The Barrs, who lived on Alfred’s salary, had to scrounge for domestic knock-offs of German furniture priced beyond their reach. Amusingly, Hanks’s research discovered that a Marcel Breuer-inspired table and chair set the Barrs used for decades was actually the work of Donald Deskey, the man behind the “horribly deformed” deco interiors at Radio City Music Hall.

These and other pieces from the Barr home were donated by their daughter in 1988 to the Montreal Museum of Decorative Arts, which became part of the MMFA in 2000. Some of Johnson’s furnishings are on view also, along with a 3-D-simulating video tour of his apartment. Johnson justified the expense of hiring Mies to his mother by saying it was “the cheapest possible publicity for my style.”

But few tastemakers actually saw the place, and one of the only publications to write about it at the time was the newsletter of Johnson’s old prep school.

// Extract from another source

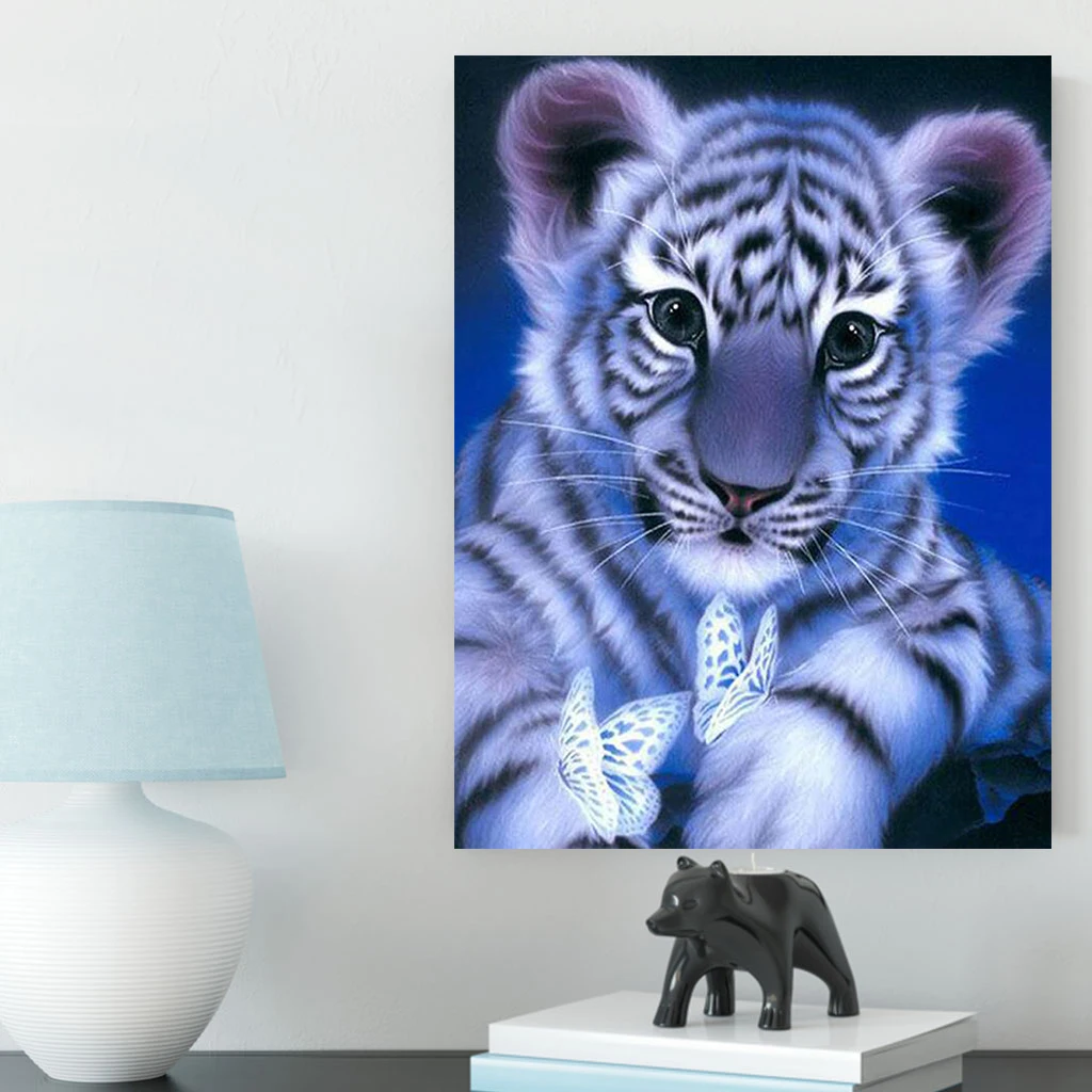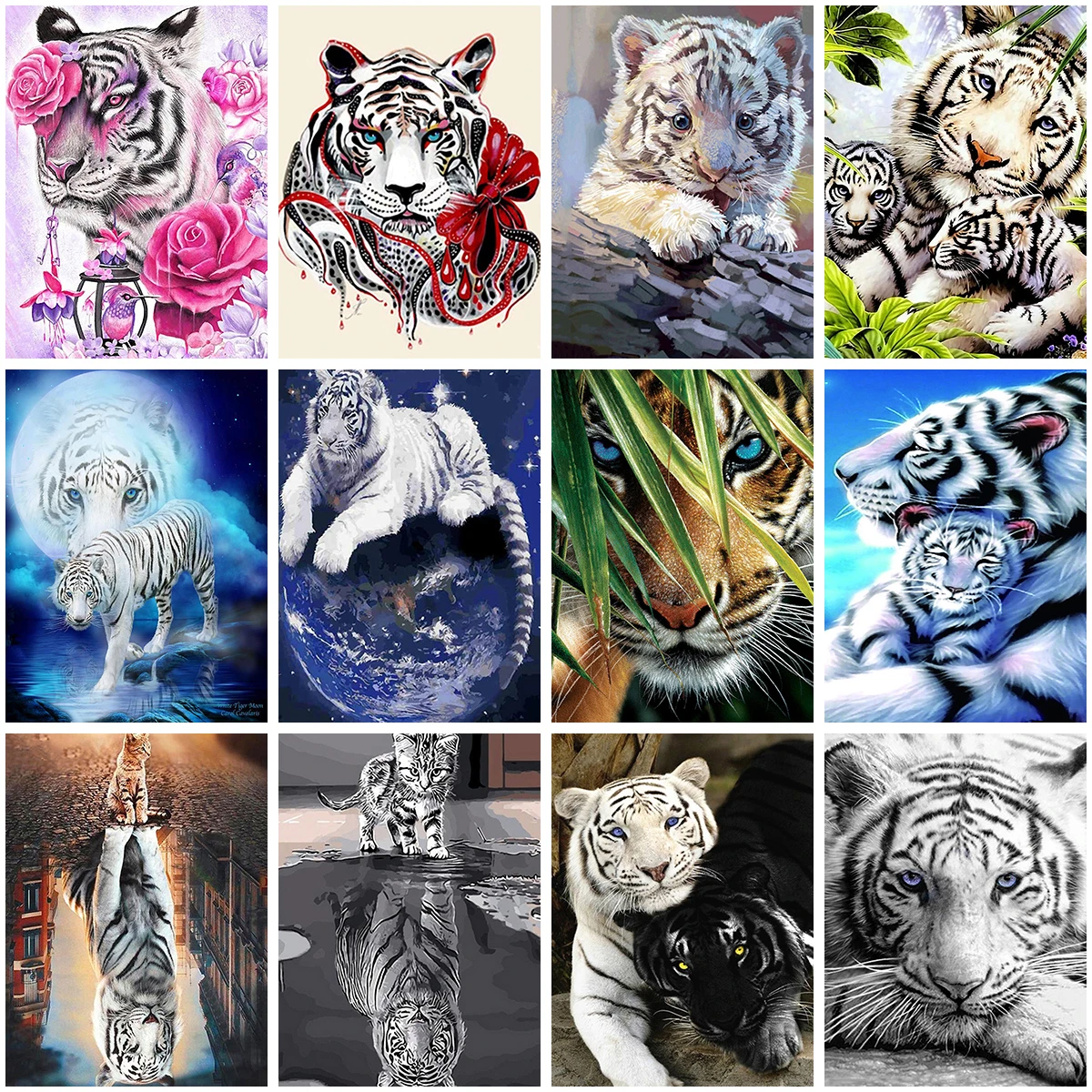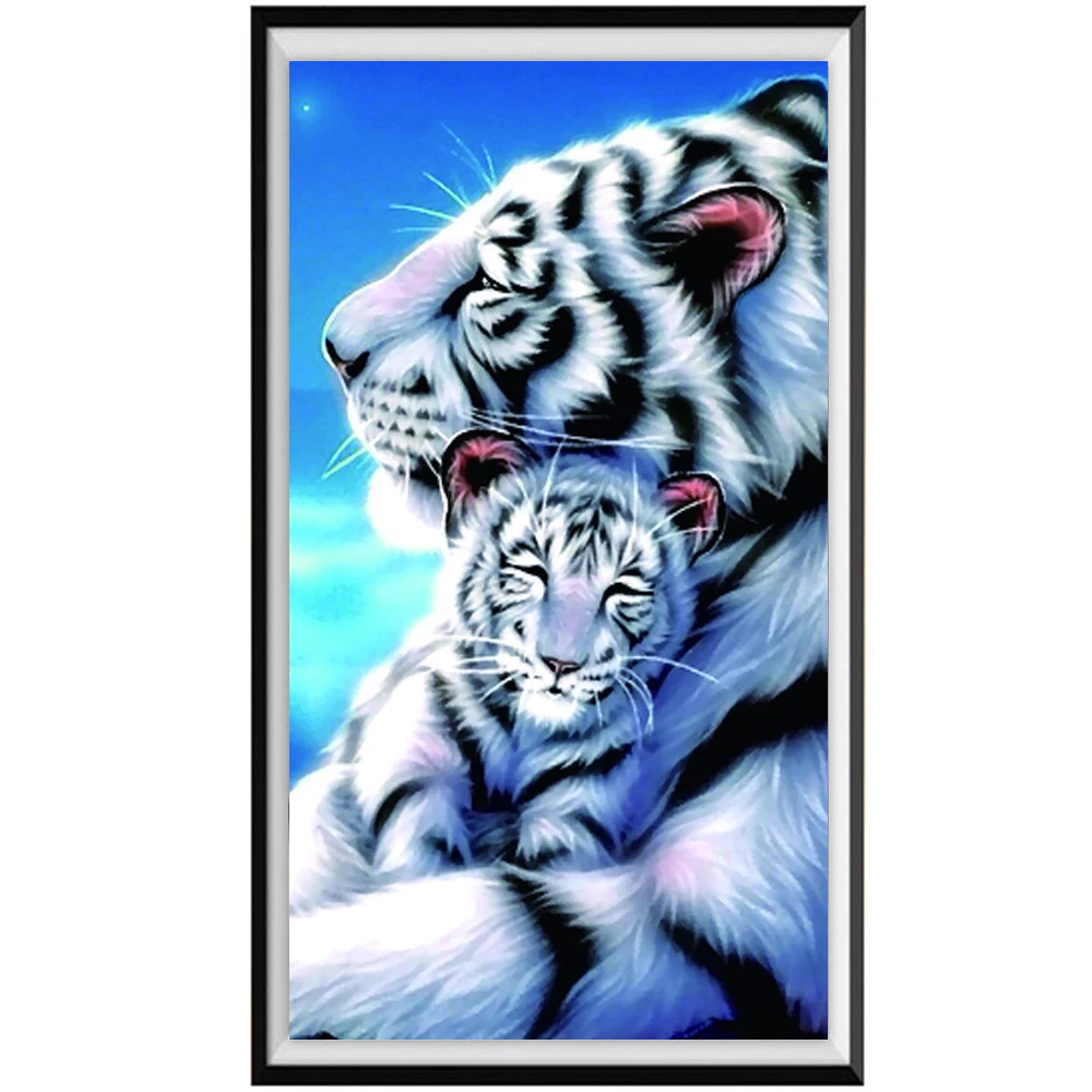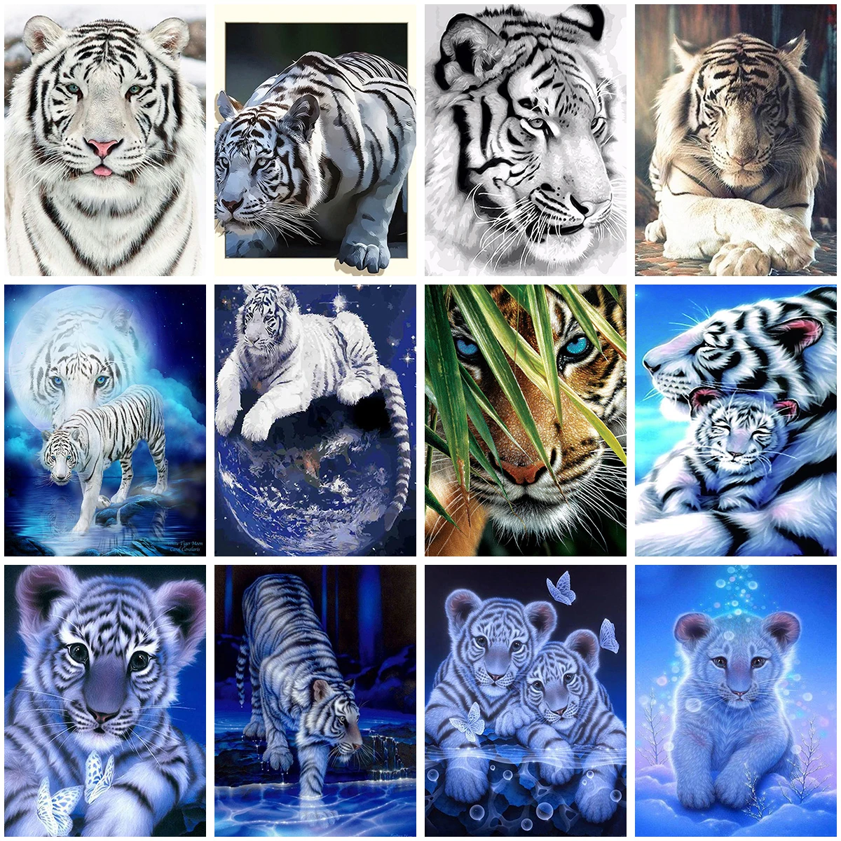 Алмазная живопись сделай сам 5D с белым тигром, алмазная вышивка, искусство, вышивка крестиком, животное, мозаика, картина, украшение для дома, подарок

No matter: MoMA’s “‘missionary’ responsibility,” as Barr called it, was better served by a series of shows that travelled widely and set the modern standard for touring exhibitions in the United States. The museum’s Modern Architecture: International Exhibition (1932) toured for several years, as did Machine Art (1934), Barr’s and Johnson’s most far-out statement of how wide a contemporary-art museum’s reach should be. Exhibits included kitchen utensils, a cash register and a ball bearing, which also appeared on the poster.